Rozdział 8: Wspomnienia - Żal

1.2K 83 51
                                    

Podsumowanie:

Wspomnienia Wei WuXiana w trakcie wydarzeń w Mieście Bez Nocy...... i trochę więcej.

Uwaga:

'Kursywa' = myśli Wei WuXiana

Kursywa (pomiędzy wspomnieniami) = myśli innych bohaterów

*•*•*•*•*

Kula pamięci straciła moc i upadła na ziemię, dźwięk który wydała był na tyle głośny, że wyrwał każdego z przemyśleń.

Właśnie otrzymali kolejny element układanki.

Kawałek układanki, który sprawił, że wszystko wydawało się być czymś zupełnie innym, niż zakładali.

Wei WuXian został opętany. Opętany własnymi emocjami. Opętany własnym gniewem. Opętany przez urazę.

Nie miał kontroli nad tym, co się stało i nie mógł mieć, nawet gdyby chciał.

Nie miał kontroli nad swoim ciałem, sercem, czynami.
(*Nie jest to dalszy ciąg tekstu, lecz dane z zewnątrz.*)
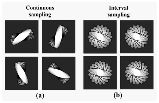Further, we explored the effect of different multi-camera co-sampling methods on the recovery results. The multi-camera results in Figure 8d were obtained by using a continuous-sampling method, i.e., each camera captured a low-resolution image under continuous aperture rotation, as shown in Figure 9a. For the joint multi-camera reconstruction interval-sampling experiment, the sampling method is shown in Figure 9b.

Ale każdy mógł zobaczyć, jak desperacko starał się zachować kontrolę.

Każdy mógł zobaczyć, jak bardzo nie chciał zabić Jin ZiXuana.

Każdy mógł zobaczyć, jaki sfrustrowany był.

I nikt nie mógł nic powiedzieć.

Bo jakby śmieli?

*•*

Ich pierwszą reakcją po wyzdrowieniu po tym, co zobaczyli, było zwrócenie się i odskoczenie do sekty LanLing Jin. Byli powstrzymywani tylko przez znacznie bardziej racjonalnie myślących ludzi.

Jiang Cheng był jednym z tych, których trzeba było powstrzymywać od ubijania Jinów – a konkretnie Jin GuangShana – Zidianem przez Lan XiChena. Przywódca sekty pomaszerował do swojej kwatery, a za nim ciągnęła fioletowa błyskawica.

Wyczerpani i zmęczeni udali się na spoczynek do swoich pokoi, a ich umysły napełniły nadmiar emocji.

(Jinowie byli obserwowani. Aczkolwiek, nie potrzebowali już ich, pozostali chcieli się upewnić, że będą oglądać do końca, ze względu na życzliwą duszę, którą pomogli zabić.)

Wszystko, czego byli świadkami podczas dzisiejszej sesji, było...... przytłaczające.

Emocje, och, intensywność. To było... To było......

Poczucie winy paliło ich dusze.

*•*

Lan WangJi był wstrząśnięty. Jego serce, wciąż zranione, odczuło jeszcze większy ból i zasnął ze łzami w oczach i modlitwą na ustach.

(Tej nocy śnił, że zobaczył Wei Yinga. Ale Wei Ying tylko się wycofywał. Bez względu na to, jak błagał i płakał, by zaczekał, Wei Ying zniknął...... połknięty przez cienie.)

—- *•*•* —-

Lan XiChen i Lan QiRen poczuli, jakby zostali uderzeni prosto w twarz. WangJi opowiedział im o stanie Kopców Pogrzebowych i poprosił o możliwość przeniesienia Wenów do miejsca w pobliżu Gusu, gdzie mogliby być chronieni, ale postanowili to zignorować. Musieli pomyśleć o skutkach zabrania do siebie ocalałych Wenów.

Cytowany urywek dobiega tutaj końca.